Olivia enciende un nuevo Marlboro y mira su reloj, que es un carísimo Franck Muller, de serie limitada. «Mi último resto del naufragio -se dice con una sonrisa antes de añadir que va a llegar muy tarde y que seguro que ya están a bordo todos sus invitados desde hace más de una hora-. ¿Y qué estarán haciendo en el Sparkling Cyanide mientras me esperan? Confío en que Vlad les haya ofrecido una copa para romper el hielo, de modo que vayan conociéndose. Sí, seguramente, allí estarán todos ellos ojeándose con recelo: Ágata, mi hermana, Sonia San Cristóbal con su chico y su encantadora mamá, Cary Faithful y su novia Miranda, Pedro Fuguet y, por supuesto, mi guapísimo ex primo político Vlad Romescu. ¿Cuál de ellos es el que más me odia? ¿Cuál me hará el inmenso favor de facilitarme el paso al otro mundo? Seguro que, si mi querida hermana Ágata pudiera oírme en este momento, comenzaría a hacer un montón de preguntas sobre qué demonios me propongo con tan extraña reunión de "amigos". Imagino perfectamente lo que diría: "Carámbanos Oli" (Ágata es la única persona que conozco que utiliza esta expresión tan ñoña y trasnochada). "¡Carámbanos, Oli! cuéntame por favor qué estás tramando. ¿No es todo muy enrevesado? Cuando una quiere desaparecer de este mundo por las razones que sean -y acepto que tú tienes unas cuantas- no invita a otros a que la asesinen. Lo normal, si de normal puede hablarse en casos así, es quitarse de en medio y hay varias maneras de hacerlo, algunas incluso indoloras, si lo que temes es al sufrimiento. Pero tú tienes otra idea adicional en la cabeza, ¿verdad? ¿Cuál es la razón para preferir que tu muerte no parezca un suicidio?
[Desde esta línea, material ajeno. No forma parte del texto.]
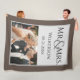 This blanket features a brown coloured background border. A sample wedding photograph is featured in the bottom portion which you can personalise to include your own custom photo or image. A sample name and personalised message is printed above. It is a perfect wedding gift for a newlywed couple. You can add their "Mr." and "Mrs." titles with their last name and wedding date.
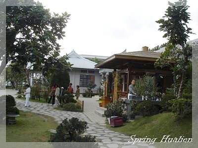 大門進去的就看到萬佛號下的靜思精舍還有象徵佛家的蓮花,正值用餐時刻,才拍幾張照,師兄不斷好意的要我們到裡面一起用膳,雖然本人愛吃青菜,可是對有素菜味道的食物向來敬謝不敏,一旁的桂格更是無肉不歡,客氣的婉拒師兄,沒想到過沒幾分鐘,還是不斷有師兄師姐熱情招呼要我們一起用餐,最後只好不好意思的告訴他們:『我們吃過嚕!』入內參觀必須脫鞋,懶人我們,就在門外參拜觀音大士,虔誠心意不減。
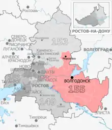 The Volgodonsk constituency (No.155[lower-alpha 1]) is a Russian legislative constituency in Rostov Oblast. The constituency covers much of eastern Rostov Oblast.
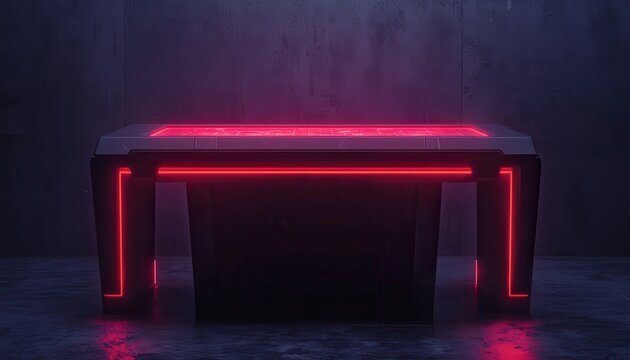 Futuristic Neon Table Red Glowing Display Sci fi Dark Background Product Showcase
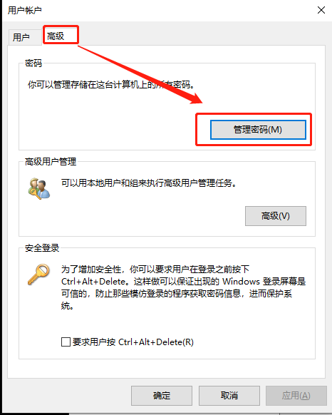 2)下面会出现“用户帐户”对话框,单击其中的“高级”—“管理密码”
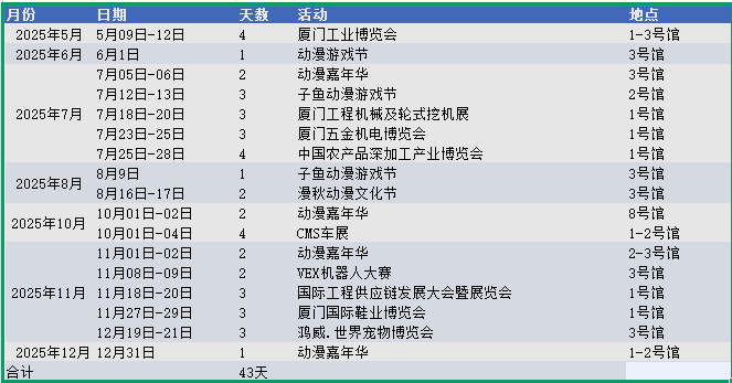 国博中心有11个展馆,其中1号展馆3万㎡,2-10号展馆每个展馆2.4万㎡,有4.2万㎡会议中心,总计约31.2万㎡。相较奥体中心,2025年其展会人流比较有限,作为省内最大单体展览中心,此使用率有很大的进步空间。9.8投洽会移师翔安,给国博中心注入一剂强心剂。
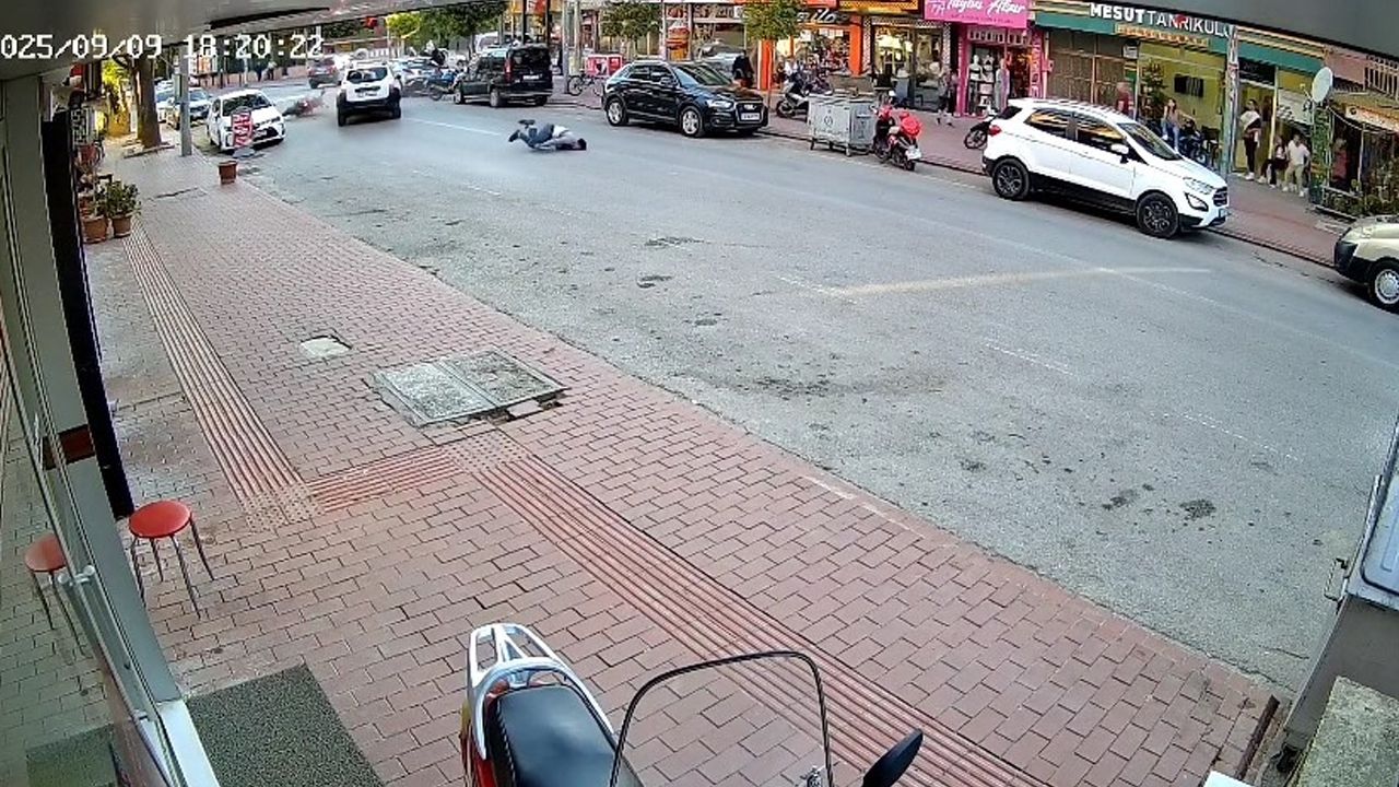 Cipe çarpan motosikletli havaya savruldu: Kaza anı kamerada
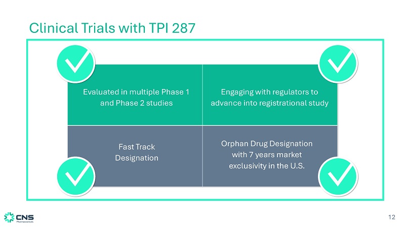 Clinical Trials with TPI 287 12 Evaluated in multiple Phase 1 and Phase 2 studies Engaging with regulators to advance into registrational study Fast Track Designation Orphan Drug Designation with 7 years market exclusivity in the U.S. ̭ ̭ ̭ ̭

Venga, cuéntamelo, que para eso soy tu hermana…»
«En efecto, seguro que algo parecido a esto diría mi querida hermana Ágata si pudiera oírme ahora. Y es verdad. Desde luego tengo mis razones para hacer las cosas de esta manera y no de otra. ¿Te imaginas cuáles son, Agatita? No, claro que no. Tú nunca tuviste demasiada imaginación, querida, y eso a pesar de llamarte igual que una de mis escritoras favoritas y una de las personas más imaginativas e inteligentes que he tenido ocasión de leer. Pues sí, tesoro, para que lo sepas: tengo un plan muy bien trazado, que tú irás descubriendo poco a poco. Y no te será difícil, te lo aseguro. Pienso dejarte todas las pistas necesarias para que, una vez que yo muera, puedas descubrir "el porqué", también "el cómo", igual que hace tu tocaya en cada una de sus novelas. Igual también que en nuestra infancia, cuando jugábamos al escondite, ¿recuerdas? Tú siempre acababas encontrándome pero ni por asomo lo habrías logrado sin las pistas que yo me tomaba la molestia de dejarte, así como al descuido. Y ahora sí. ¿Lista para empezar nuestro nuevo juego, querida Ágata… o querida Agatha mejor dicho? Pon mucha atención, tesoro, comienza la partida.»